Single by Mariah Carey featuring Anderson .Paak

from the album Here for It All
- Released: September 26, 2025
- Studio: Conway (Los Angeles, CA); Honey Snow (Aspen, CO);
- Genre: R&B
- Length: 3:44
- Label: Gamma
- Songwriters: Mariah Carey; Brandon Paak Anderson; Daniel Moore II; Jarius Mozee; Jason Pounds; Kenya Rae Johnson;
- Producers: Mariah Carey; N.W.I.; Daniel Moore II;

Mariah Carey singles chronology
| "Sugar Sweet" (2025) | "Play This Song" (2025) | "Nothing Is Impossible" (2026) |

Anderson .Paak singles chronology
| "Too Bad" (2025) | "Play This Song" (2025) |  |

Music video
- "Play This Song" on YouTube

= Play This Song =

2025 single by Mariah Carey featuring Anderson .Paak

"Play This Song" is a song by American singer-songwriter Mariah Carey featuring fellow American singer-songwriter Anderson .Paak. It was released on September 26, 2025, as the third single from Carey's sixteenth studio album, Here for It All (2025), through her own imprint, Mariah, and the media company Gamma. Written in collaboration between Carey and Paak, the song also has Daniel Moore II, Jarius Mozee, Jason Pounds and Kenya Rae Johnson sharing writing credits. Production was handled by Carey, Moore II, Paak, Mozee and Pounds (billed as NWI). Sonically, the song is derived from 70's music and Motown sound, while also being an R&B song.

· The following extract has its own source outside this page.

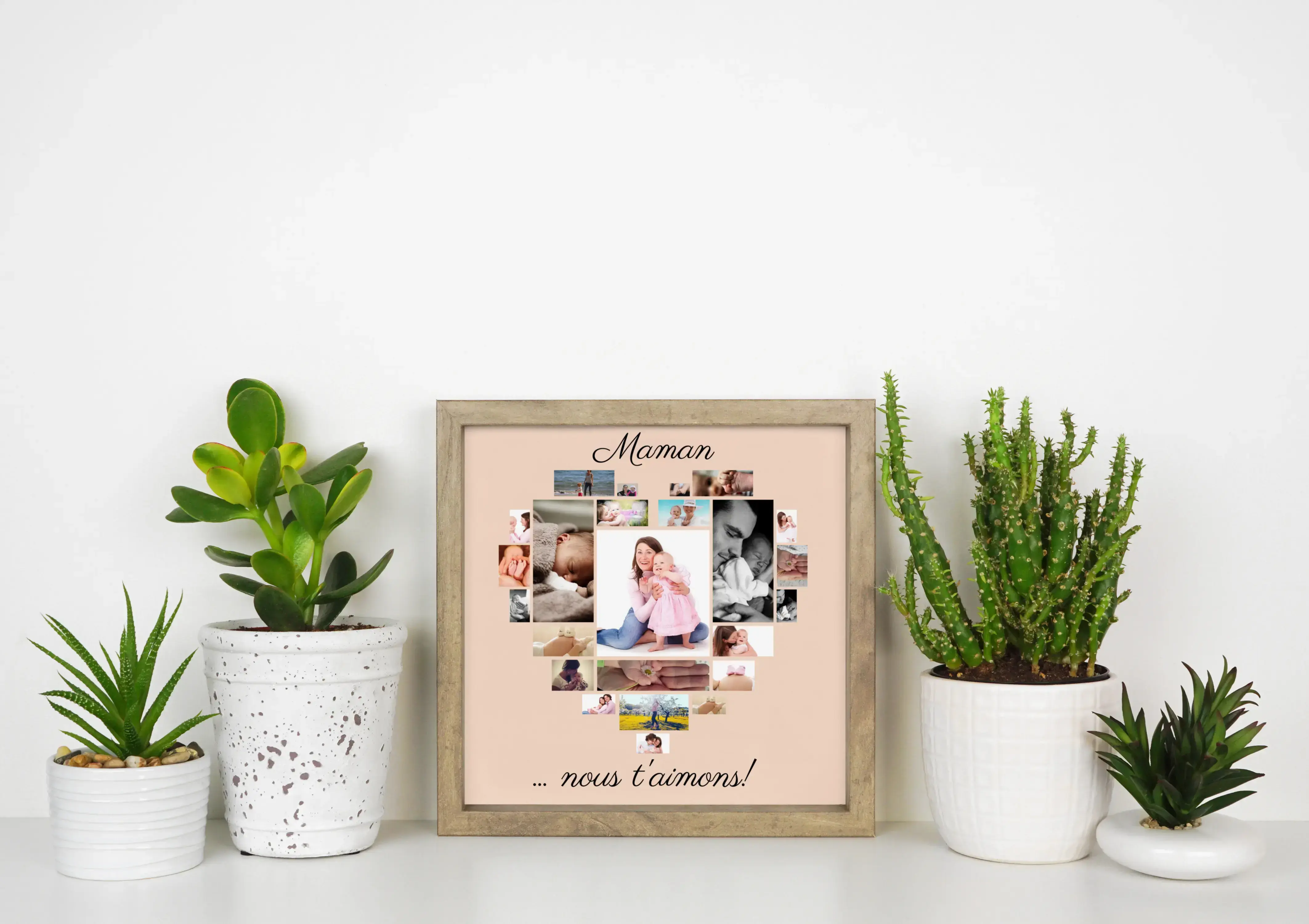 Collage photo cœur "Maman, on t'aime !" personnalisable pour cadeau fête des mères

"Play This Song" has lyrics of a push-and-pull between two estranged lovers with a sour yet subtle message of giving up on someone, while also trying to reigniting the relationship. Most music critics compared the sound to that of musical superduo Silk Sonic, Paak's collaborative work with Bruno Mars, with their chemistry being the object of praise. Commercially, the track became the third top twenty entry from Here for It All on the US Billboard Hot R&B Songs chart, reaching number 11. A music video for the song premiered on September 26, 2025, while both performed the song on The Tonight Show Starring Jimmy Fallon three days later.

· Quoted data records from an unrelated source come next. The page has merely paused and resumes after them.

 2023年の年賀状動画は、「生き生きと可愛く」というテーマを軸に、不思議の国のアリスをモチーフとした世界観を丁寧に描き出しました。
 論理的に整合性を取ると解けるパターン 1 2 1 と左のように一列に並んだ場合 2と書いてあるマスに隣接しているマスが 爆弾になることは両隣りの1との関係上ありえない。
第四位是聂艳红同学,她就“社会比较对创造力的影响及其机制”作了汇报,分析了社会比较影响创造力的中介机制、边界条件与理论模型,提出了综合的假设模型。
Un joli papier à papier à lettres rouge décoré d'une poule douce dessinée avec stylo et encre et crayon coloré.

==Background and release==
Paak first revealed that he was working on new music with Carey during an interview with Track Star in May 2025, where he wore a Mariah Carey T-shirt from her merch collection, and revealed that he was working on new music with the singer for her upcoming album. Upon Carey revealing the tracklist of Here for It All via social media on August 27, 2025, it was confirmed that Paak would be featured on a track on the album titled "Play This Song". Commenting on the collaboration in September 2025, Carey spoke to Gayle King on CBS Mornings, where she described Paak as "brilliant" and "a really a great artist". As confirmed by Forbes contributor Chris Malone Méndez, the song is "a working relationship birthed out of both her and her son’s love for Silk Sonic."

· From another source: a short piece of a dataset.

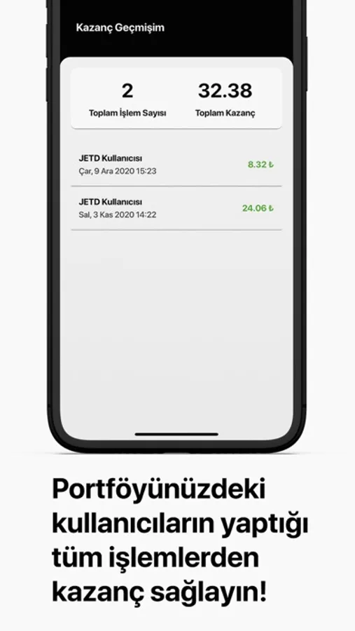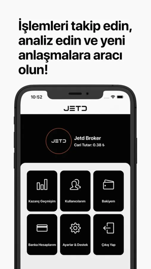 -JETD Broker uygulamasını kullanan brokerlar portföylerindeki kullanıcıların JETD platformunda gerçekleştirdikleri tüm işlemlerden kazanç sağlarlar.

On September 23, three days prior to the release date of Here for It All, Carey announced via her social media that "Play This Song" would officially be released on September 26, the same day as the album, alongside its music video. On September 25, Carey was interviewed by Vogue, where she described the song as being a "kind of a ha-ha to whatever person", and "an "I'm giving up on this situation" type thing". On September 27, Billboard reported that the track is Carey's latest single from the album, following "Type Dangerous" and "Sugar Sweet".

==Composition==
"Play This Song" was written in collaboration between Mariah Carey and Anderson Paak, who also duet. Daniel Moore II, Jarius Mozee, Jason Pounds and Kenya Rae Johnson also share writing credits. Production was handled by Carey, Moore II and NWi (consisted of Paak, Mozee and Pounds). It is an R&B song, with influences of funk and soul, and has been described as one of the "groovier moments" on Here for It All. It features "swirling" production, live drums, and "relaxed" arrangements. Additionally, Alexa Camp of Slant Magazine described "Play This Song" as a "throwback to '70s soul", while some critics noted "inflections of Motown". (Note: Attributed to Paste, Entertainment Focus and PopMatters.) In another light, Reid Sperisen of The Daily Bruin saw the blend of "twinkling chimes and warm keys" to be reminiscent of 2023's Victoria Monét’s Jaguar II album.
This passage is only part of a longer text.